5 of 538 comments (clear)

  1. Until artificial limits are removed... by eksith · · Score: 5, Insightful

    I used my online banking today and they limit to 8 characters EXACTLY... even though they demand a non alpha-numeric character and mixed case. I keep thinking, these idiots still don't get it. Also, obligatory.

    --
    If computers were people, I'd be a misanthrope.
  2. Git Rid of Asinine Password Requirements First by Secret+Agent+Man · · Score: 5, Insightful
    • Minimum lengths? Sounds good.
    • Require a non-alphanumeric symbol? Sounds good.
    • Must have at least one lowercase letter, capital letter, punctuation, number? Uh...
    • Max length of 12 characters. Wat?

    Some password requirements are perfectly acceptable, even encouraged. There exist plenty, however, that just make one scratch one's head. Why would a maximum length any lower than several hundred characters ever be necessary?

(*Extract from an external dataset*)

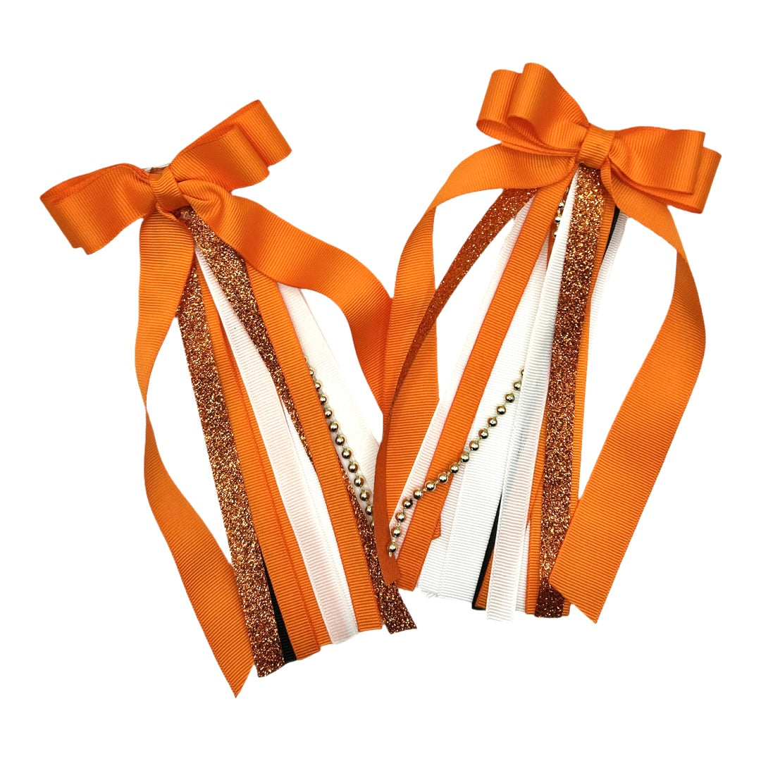 Elevate your game day look with adorable boot bows! Designed to add a touch of flair to your favorite pair of boots, these clip on boot bows are perfect for showcasing your school spirit or favorite colors with style. Made from high-quality materials, these bows for boots are durable and easy to attach, allowing you to effortlessly customize your footwear. Whether you're heading to a game, the rodeo, or just strolling around, these unique boot bows will surely make you stand out from the crowd and turn heads wherever you go!  Available in five sizes to fit even the smallest cowgirl.

More egregious limitations include requiring an insanely complex number of symbol/letter/number combinations (easy for AI, hard for humans, as XKCD eloquently points out) and, of course, passwords restricted to numbers only. Sadly financial institutions seem to be fond of this one, possibly under the mentality that a PIN is just as good as a password, and customers won't forget that!

  3. Re:I Got It! by LoRdTAW · · Score: 5, Insightful

    A better question would be, what system would allow 1000 password guesses per second to be authenticated? Most systems lock you out after 3 to 5 unsuccessful attempts. And I would hope that smart developers would put a time delay between how fast a user can reattempt to authenticate. So a computer sending authentication attempts in less than one second would be immediately blacklisted as a automated attack. Inserting a second or two delay between attempts would guarantee that. Assuming a computer could brute force a password by trying all possible strings, what system could that possibly be effective against? I can see that it could be useful against an encrypted file but an online banking site or other eCommerce site sounds impractical. anyone care to elaborate?

  4. Re:I Got It! by dgatwood · · Score: 5, Insightful

    Your definition of "common words" is off by about an order of magnitude from reality, though. A typical person only uses about 10,000–25,000 words on a regular basis, depending on their level of education.

    Even assuming the upper end of that, nearly all people would typically choose from about 3 * 10^17 possibilities, which at 350 billion attempts per second, would take only around ten days to crack. On the lower end, a sizable percentage of people would choose from about 1 * 10^16, which would take about eight hours to crack.

    --

    Check out my sci-fi/humor trilogy at PatriotsBooks.

  5. Re:I Got It! by Anonymous Coward · · Score: 5, Insightful

    Password too long, please enter 8-12 characters.